Conor O’Donovan | Resident Satirist
The, slightly later than usual, announcement of Sunday opening hours in the BLU garnered a delirious response from students. “This means I can take Mondays off” enthused an SS History student. Library staff declined to comment on whether their announcement was hastened by an anonymous hacking leading to the replacement of the Fast Lane demonstration video with the 1998 film Any Given Sunday. Just last month, the search for a desk on a Sunday afternoon led a group of students to pose as Scan Soc members in order to infiltrate the society’s Ikea trip. It emerged the students, all in their Junior Sophister year, intended to occupy some display models of the popular Malm design. Overall, it appears students are unwilling to compromise when it comes to time management.
As the College’s current five-year Strategic Plan comes to an end, many are wondering what’s next for Trinity. It initially emerged the College will be taking a firmer stance on “inflexibility” on the part of the student population, pertaining mainly to missed classes. The announcement came as part of a statement made by a spokesperson for the Provost’s office. While it was generally understood the Praeposital Poster Paints Portrait session had run over, many speculated his absence would be contentious, had there been a greater turn out. When word about the substance of the announcement did circulate the Regent House evening Pilates class was moved into Front Square in protest.
Library staff declined to comment on whether their announcement was hastened by an anonymous hacking leading to the replacement of the Fast Lane demonstration video with the 1998 film Any Given Sunday.
The College maintains the proximity of this protest to the Provost’s second announcement of the week, this one made in person, is incidental. In a significant change to the, as yet unannounced, forthcoming Strategic Plan, the Provost announced a new “real-time” approach to timetabling. From next week, students will swipe their student card upon entering campus and once a certain threshold is reached classes will begin, with rooms being allocated by staff “in the field.” The Provost, who was also unveiling his latest poster paint likeness, said he hoped this new approach would bring students and the College’s administrative together in a time where “a limber, flexible college community is far from certain.”
Though the move seems unorthodox, absenteeism is rife in many faculties. “What is the student body if not a multiplicity of independently thinking student bodies,” remarked a wistful SF student after a particularly poorly attended Physiology lecture during the week. Far from condemning such stances, for at least two years the School of Philosophy has conducted research into whether “merely timetabling” classes is enough to force them to materialise. The published thesis notes the study has yielded “discouraging results” regarding attendance of students and staff, although the data mainly pertains to how present participants were in a phenomenological sense.
Trinity Communications have confirmed a specific Twitter handle, @TCDclassqueries, is in place to deal with timetabling matters. They have since maintained they will not be altering the handle, despite “deliberately misleading tweets” made by the Socialist Workers’ Student Society. When questioned on the matter the Provost declined to comment, but underlined the importance of stretching regularly. Rumours suggesting that the Trinity Communications demonstrational video will have a Yogic theme have caused much consternation: Du Fish Soc are believed to be preparing a series of pamphlets presenting Cod Liver Oil as a viable alternative in maintaining a limber physique. The society continue to deny they are receiving donations from Seven Seas, maintaining that such a sponsorship would contradict their refusal to recognise the Adriatic.
Fish Soc have also been at the forefront of efforts to reverse the traditional decline in society activity towards the end of Hilary term.
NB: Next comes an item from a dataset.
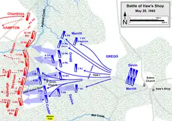 Lee beauftragte eine Kavalleriedivision, durch gewaltsame Aufklärung die Absicht der Potomac-Armee herauszufinden. Am Morgen des 28. Mai traf die Division Wade Hamptons bei einer Straßenkreuzung in der Nähe der Überreste einer Ansiedlung namens Haw’s Shop auf die 2. US-Kavallerie-Division unter Generalmajor David Gregg. Mehrere Stunden wogte die Schlacht hin und her, bis Brigadegeneral Custers Kavalleriebrigade eintraf und die Konföderierten zunächst planmäßig auswichen, später jedoch flohen. Die Schlacht war die längste Kavallerieschlacht nach der Schlacht bei Brandy Station.[26] Der entscheidende Unterschied zu früher geschlagenen Reiterschlachten auf dem östlichen Kriegsschauplatz war jedoch ihre Durchführung: Die Kavalleristen kämpften wie die Infanterie abgesessen und aus Feldbefestigungen. Die Verluste waren hoch: Die Union verlor 365, die Konföderation 378 Soldaten.[27]

The “Better Than a Slap in the Face with a Wet Fish” advertising campaign for this year’s Phistery tour has been deemed dangerous, however: in the past week, the Medical office has reported numerous cases of bruising “consistent with trauma suffered in patients who have been beaten with an adult carp.” D.U. Geography Society have been less literal, but ultimately less successful, in their efforts: their new “No OS” nights, which promise “uncoordinated fun” as well as the “continental shift,” were announced on Tuesday to little fanfare.
DU Fish Soc are believed to be preparing a series of pamphlets presenting Cod Liver Oil as a viable alternative in maintaining a limber physique
Amidst fears that the new timetabling methods may mean classes extend into the summer, the Global Room has undertaken a number of independently financed renovations. A simulator that offers students the experience of travel on a number of prominent European railway lines will open in June. “The simulator will have three settings: first class, second class and luggage compartment,” a source in the office revealed. Efforts are also being made by both the Global Room and Trinity Explore to provide students with campus internship opportunities over the summer months. The first role to open applications is a four-week programme exploring marketing solutions to Buttery goulash. The post requires at least a Masters degree.
In the short term it certainly appears that College life is set to change radically, as Trinity undergoes an administrative upheaval the scale of which is usually reserved to the summer months. However, it seems the culture that exists in Trinity, as in many other academic institutions, of associating certain activities with certain times of the week and year seems set to die out. Perhaps the best way to deal with the situation is be flexible when setting aside time to do one’s stretches.